Single by Volbeat featuring Mikkel Kessler

from the album Beyond Hell/Above Heaven
- Released: 30 August 2011
- Recorded: 2009–2010
- Length: 4:20
- Label: Vertigo (EU); Universal (EU);
- Songwriter: Michael Poulsen
- Producer: Jacob Hansen

Volbeat singles chronology
| "16 Dollars" (2010) | "A Warrior's Call" (2011) | "Still Counting" (2012) |

= A Warrior's Call =

"A Warrior's Call" is a song by Danish rock band Volbeat and the ninth track from their fourth studio album, Beyond Hell/Above Heaven.

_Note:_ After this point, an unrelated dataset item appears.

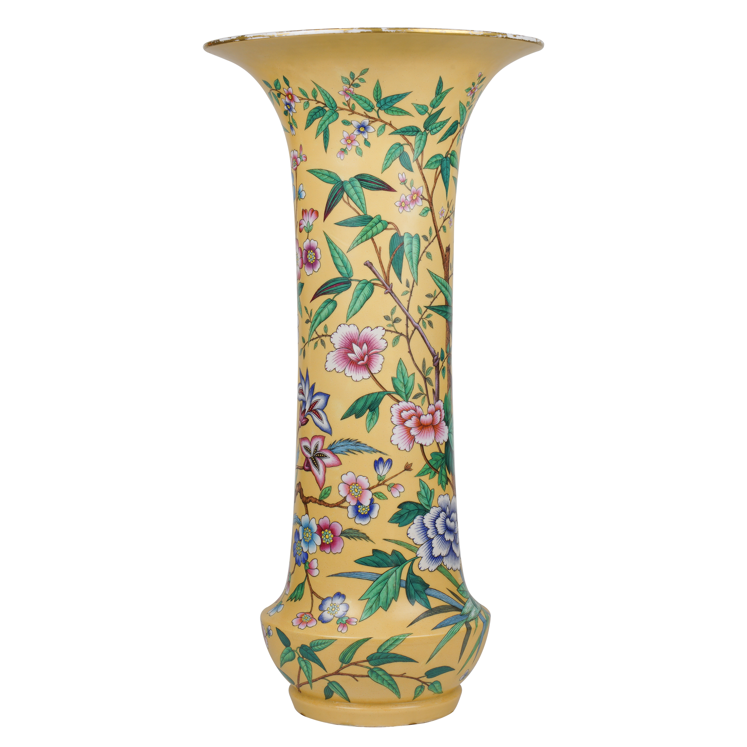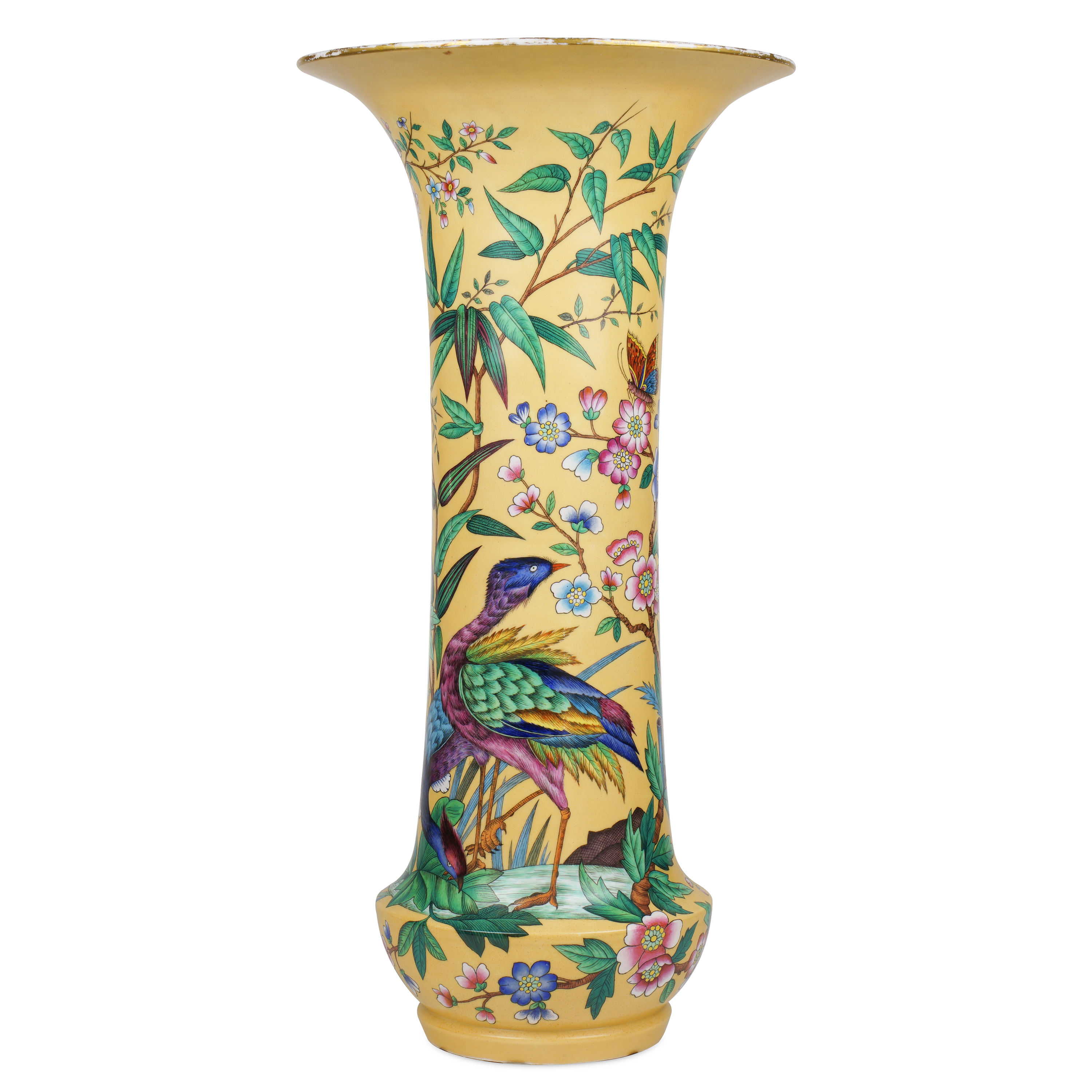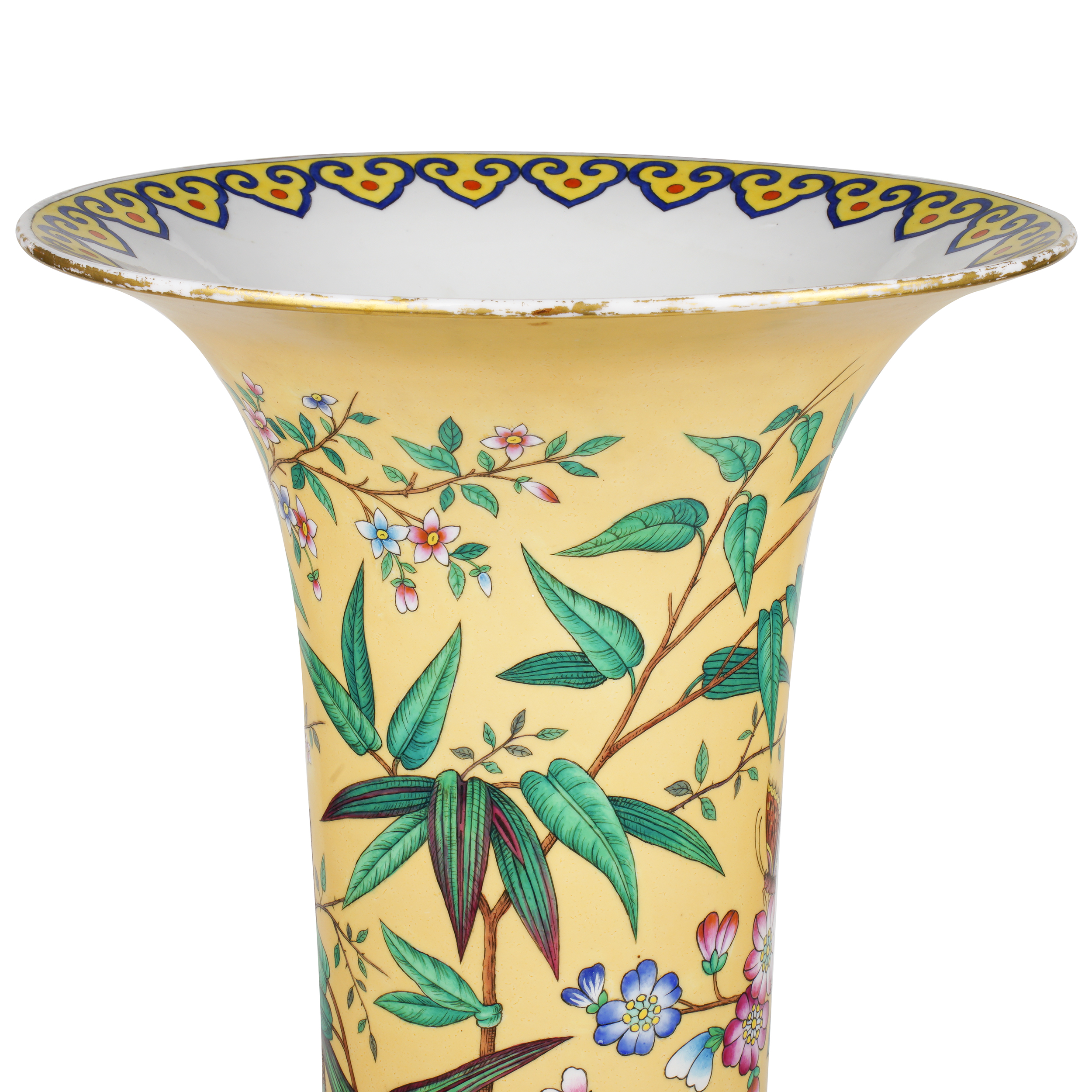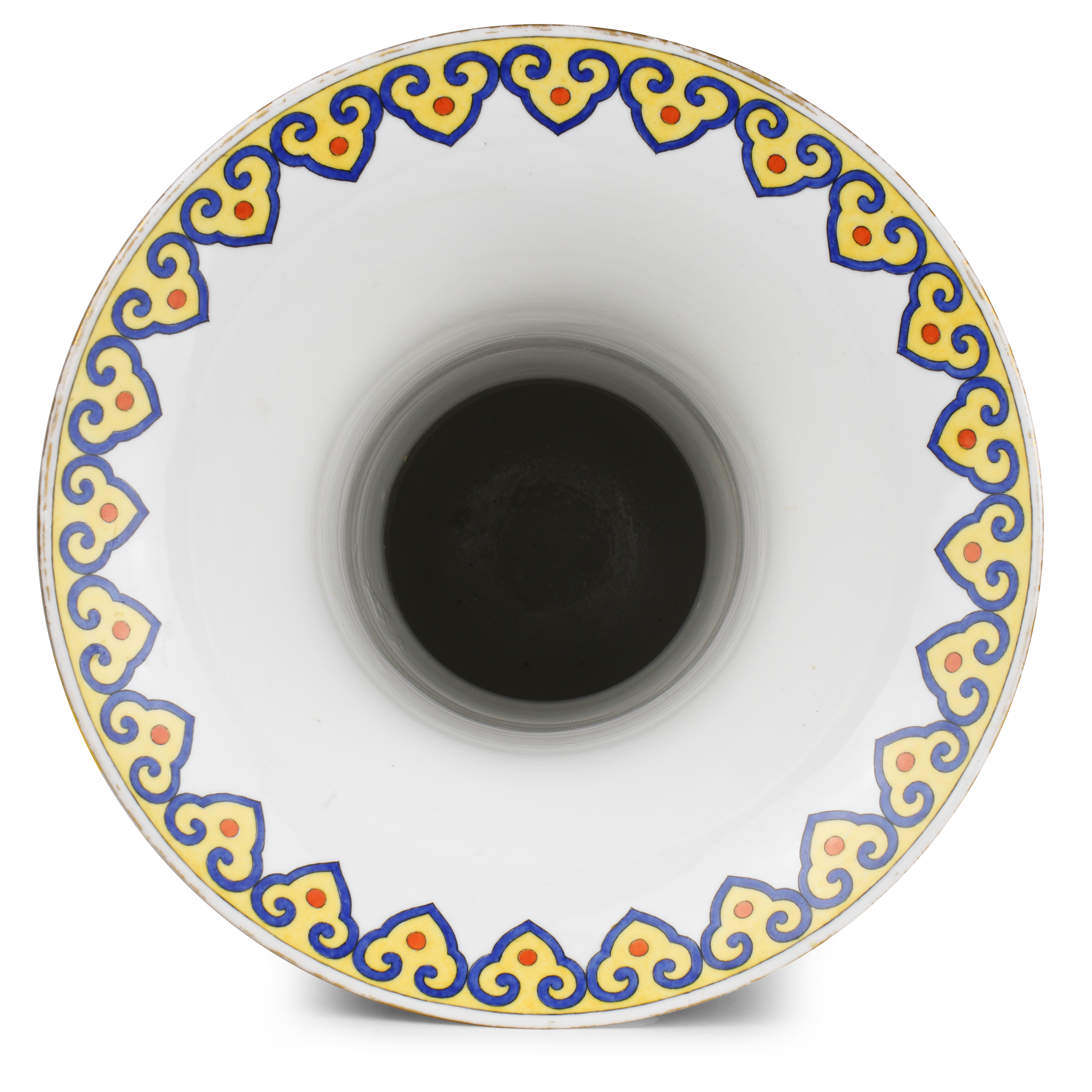 Цилиндрическая форма данной вазы с расширением в нижней части и широким раструбом горловины восходит к японскому фарфору XVII – начала XVIII веков из мастерских Арита. Арита – селение на острове Кюсю в Японии, в котором с XVII века начали производить фарфор для экспорта.

It is dedicated to former professional boxer Mikkel Kessler who provides vocals on the track. It was released in 2011 as a single to active rock stations. The music video was directed by Matt Wignall, released in November 2011, and shows a rock concert and archive footage of Kessler.

In February 2012, it reached No. 1 on the Billboard Active Rock chart.

This song is also the theme song of Bryce Kenny's Great Clips Mohawk Warrior Monster Truck that has been held in Monster Jam events since 2017.

==Charts==
===Weekly charts===

Weekly chart performance for "A Warrior's Call"
| Chart (2012) | Peak position |
|---|---|
| Canada Rock (Billboard) | 21 |
| US Hot Rock & Alternative Songs (Billboard) | 11 |

===Year-end charts===

Year-end chart performance for "A Warrior's Call"
| Chart (2012) | Position |
|---|---|
| US Hot Rock Songs (Billboard) | 45 |

==Certifications==

Certifications and sales for "A Warrior's Call"
| Region | Certification | Certified units/sales |
| Austria (IFPI Austria) | Gold | 15,000^{*} |
| Canada (Music Canada) | 2× Platinum | 160,000^{‡} |
| Denmark (IFPI Danmark) | Platinum | 90,000^{‡} |
| United States (RIAA) | Platinum | 1,000,000^{‡} |
Streaming
| Sweden (GLF) | Platinum | 8,000,000^{†} |
^{*} Sales figures based on certification alone. ^{‡} Sales+streaming figures based on certification alone. ^{†} Streaming-only figures based on certification alone.